Step 5: Stop the train; preferably at the station
Upon this sight, yet again, you panic: Goodness knows how you haven't had a fit yet. By this time you've grown to the idea that the train could run itself, not needing any user interface, and thus you hope for a miracle that is, of course, not forthcoming. Then you see the station, and straight ahead, on the platform your train is heading directly for, is another train. Horrible visions of death, destruction, prosecution and prostitution cross your mind, crashing into each other in a sweaty, bloody mess.
You play Eeny, Meeny, Miny, Mo with each lever; finally selecting the handle on the far left, and jam it as far up as possible. There is a sudden screech, and everybody in the train's immediate vicinity's defence goes down greatly. The train slows noticeably, and you pray to whatever weak and false human gods you pray to that it'll be enough. You ignore this, somehow, and keep the lever jammed until it snaps off in your sweaty hands.

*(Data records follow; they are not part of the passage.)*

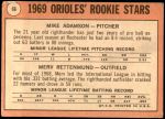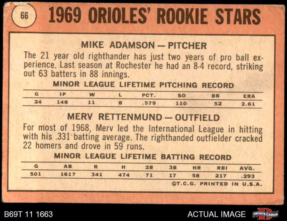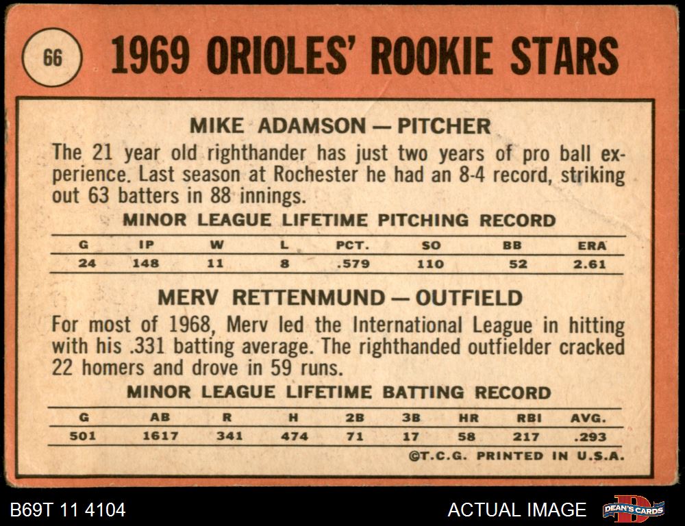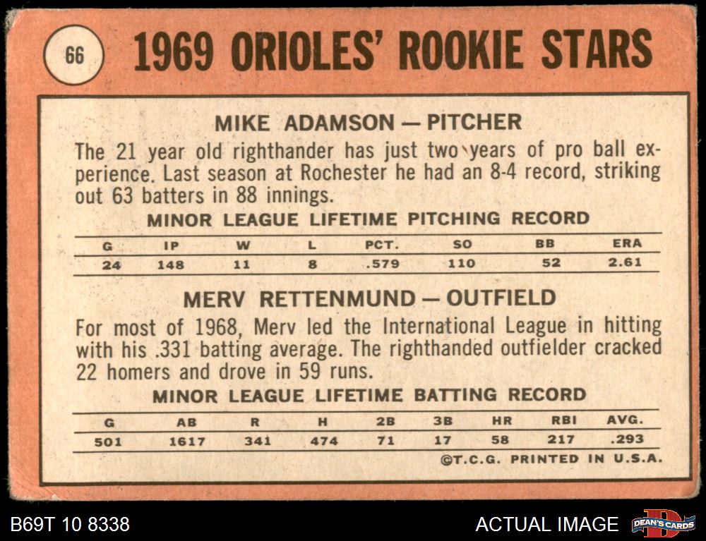1969 Topps #66 - Merv Rettenmund / Mike Adamson Orioles Rookies 1 - POOR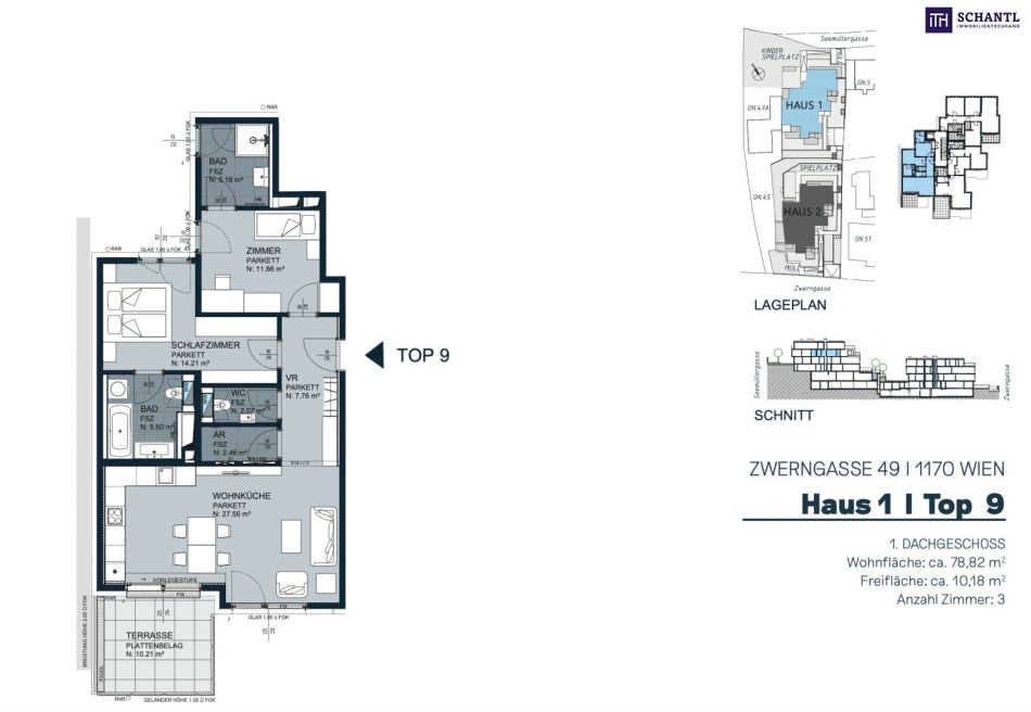 Diese hochwertig ausgestattete 3-Zimmer-Dachgeschosswohnung vereint architektonische Raffinesse mit Wohnkomfort auf höchstem Niveau. Große Fensterflächen, eine sonnige Terrasse mit über 10 m², zwei vollwertige Badezimmer und eine elegante Ausstattung machen Top 9 zu einem der exklusivsten Angebote in der Zwerngasse.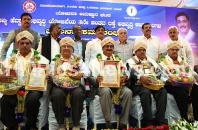 Photo Caption : Ministers RV Deshpande, Mahadevappa, T B Jayachnadra, H Anjaneya presented the Sir M Visveshvaraiah award to engineers during the inauguration of the Phase 3 of road improvement works of state highway development projects at Banquet Hall, Vidhan Soudha, in Bengaluru on Thursday 22nd September 2016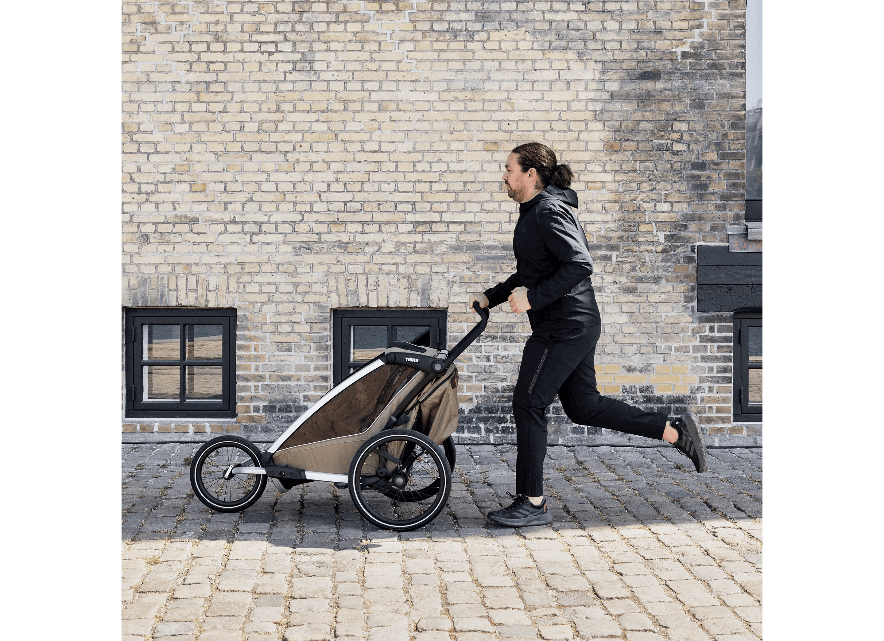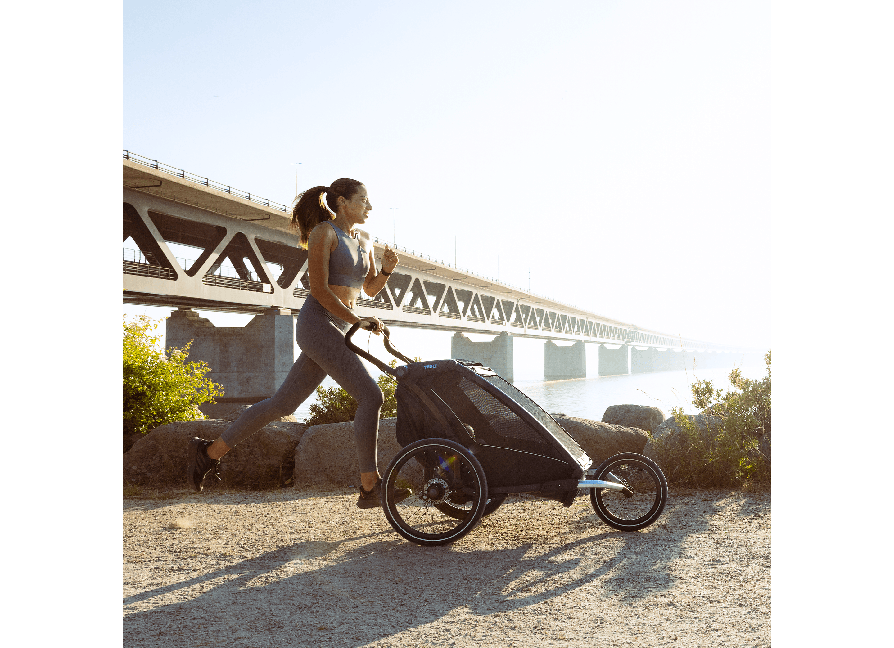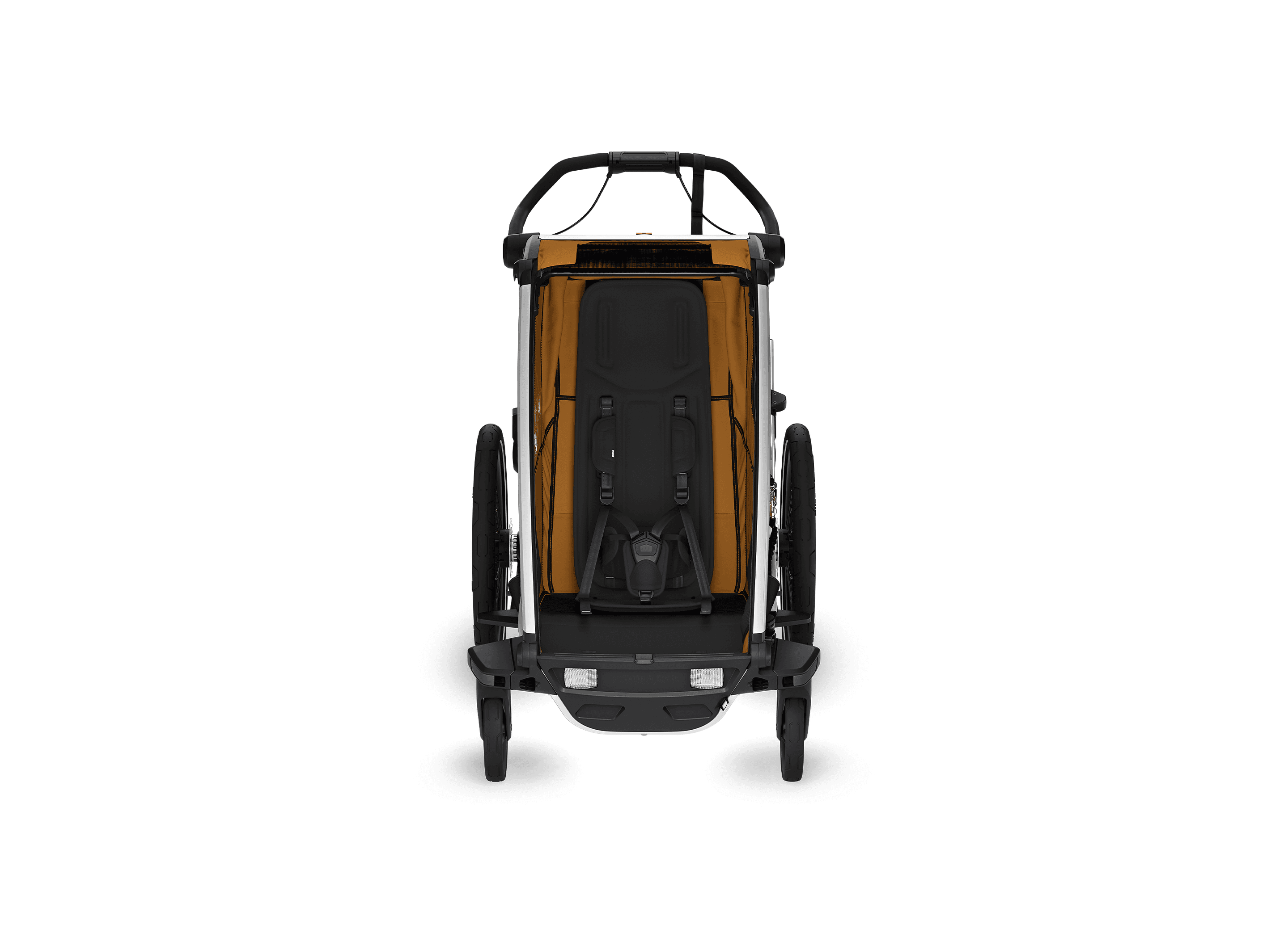 Denna mångsidiga vagn är perfekt för cykling, jogging, promenader och skidåkning. Kompatibel med tillbehör för jogging och längdskidåkning (säljs separat). Medföljande regnskydd och solskydd håller barnet torrt och skyddat i alla väder.

Step 6: Exit the train safely
Now extremely worried, your mind goes into complete survival mode. You decide to screw it all and jump out an open window. You receive minor cuts and bruises, but you pretend not to notice them as you run off into the distance, the people of...wherever-the-hell-you-are...never to see you again.
You can now say that you have driven a train and actually survived. Sure, hundreds of poor, mindless lambs died because of your inept driving... and you damaged a world-renowned station... but you're alive, and to you, that's all that matters, right? Yeah it does, you self-centered prick.